The book I talked about before – my calculated “popular” mystery novel – was based on a dream I had in which there was a huge evangelical church in the US which had this weird kind of shopping-mall atmosphere, and there was this area where people were freely entering these tubes to kill themselves. I turned the whole thing into the existence of an underground suicide cult within a major, well-known urban evangelical mega-church, and had my character go investigate.

How did you experience the process of trying to publish something?
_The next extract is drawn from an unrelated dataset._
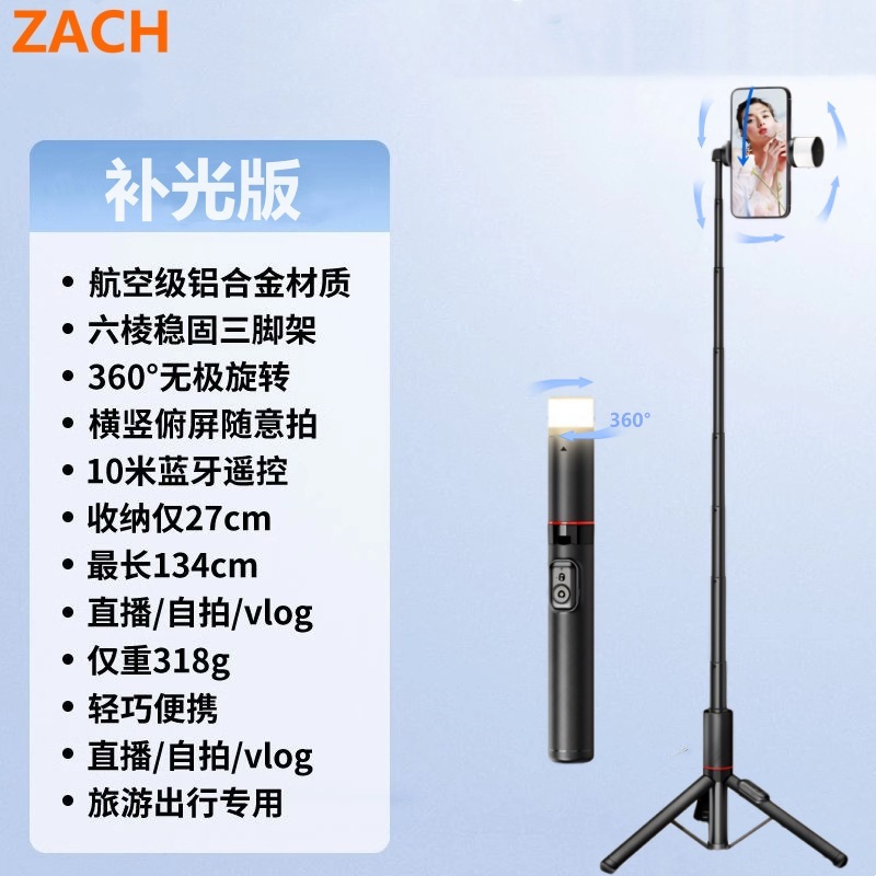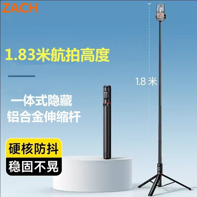 ZACH 점프 스틱 휴대 전화 블루투스 셀카 스틱 1.77 m 바닥 삼각대 휴대용 사진 데스크탑 합금 브래킷

We are talking late 1990s. And back then we would have a book called The Writer’s Guide. You would get the annual edition, it was always updated, and in addition to articles that would help you actually write something, you could find a long list of publishers and agencies in it. Even though this guide also said that sending in things blindly was a lottery, it still gave you guidelines on how to do it, if you want to try. But the conventional wisdom was that the only people who get something published have an agency. So, I decided to go the agency route. I made a dozen copies, found as many agencies as I could, and send out the first two chapters. Most of them were rejections, I think I only had one person who said they actually liked it. The problem is that agencies want you to already be established, so this was the wrong way to go. Especially because I was living in Germany, trying to write English books. The best thing you could probably do is to be centrally located. So, you go live there, hang around the clubs where the writers are, visit readings, take some courses or workshops, start publishing in journals for free, and just throw your writing out there into the world. And then an agent might see you and you have a whole portfolio of your writings that you can show them. But well, I didn’t publish anything. In today’s day in age, I could probably throw these books online and try to self-publish them. I think the most important part is that you shouldn’t be shy about your work.
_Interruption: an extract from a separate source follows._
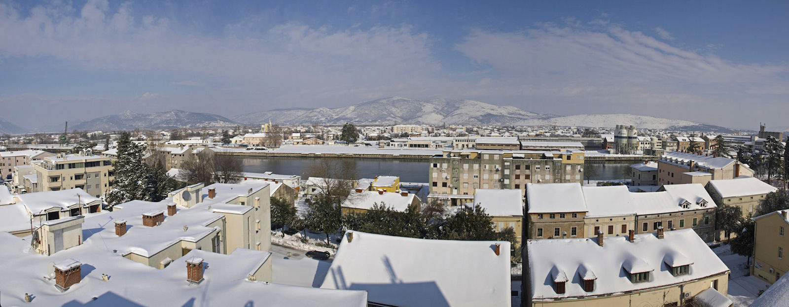 11.2.2012. - Novi snijeg noćas je ponovno zabijelio grad, a nakon toga ga je obasjalo sunce. Pravo vrijeme za sve one koji se ovih dana ne odvajaju od fotoaparata. Mi smo, između ostaloga, načinili i četiri panorame grada pod snijegom. Ako imate monitor manje rezolucije nakon klika na njih možete ih tipkom F uvećati na stvarnu veličinu.

How do you combine creative writing with your work life?

Well, the answer is I don’t write anymore. And back then I didn’t really work, I worked freelance. Between getting settled down in Germany in 1995 and the birth of my son in 1999 was my most productive period. I finished one book, started its sequel, and was thinking about or actually writing notes for another four or five projects. That is probably also the only thing that I still do – writing notes. But these are just thoughts and ideas. If you really want a finished product, you can’t really do anything else. At least that’s how it works for me. I wrote my doctors dissertation by locking myself into a room, with a small bed and only came out to eat. I was living in my office. And then I spent the next year polishing it up. My main method of working with words is to throw everything onto the page. After that, I can trim it down or rearrange what I wrote. 

Finally, do you have some advice for people who dream of becoming a writer?
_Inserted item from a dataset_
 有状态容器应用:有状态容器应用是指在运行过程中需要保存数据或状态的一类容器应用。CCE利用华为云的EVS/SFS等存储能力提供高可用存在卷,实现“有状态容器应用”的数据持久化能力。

Throughout his life, Jeff J. Stone, who teaches at the English department at the University of Göttingen, has authored multiple books.
Picture: © Sofia Peslis

I would say you have to have a portfolio and just start putting out your product. You need to try and publish anything you can and build that portfolio of things that you can be proud of. And on top of this, networking is the solution to anything. I am sure that you could by-pass it and pdf your way to success and it could happen for you. But generally, you need to be able to point people to what you are doing, even if it is over a blog or Instagram. So “dreaming” of becoming a writer might be a misguided dream anyway. We live in a culture where we tell everybody you can be whatever you want, but that’s not true and we know it is not. If you are a writer, you simply are one. But you have to find your own way, that’s the biggest part.
My fatherly advice would be: No one can take something away from you if you get your own pleasure out of doing it.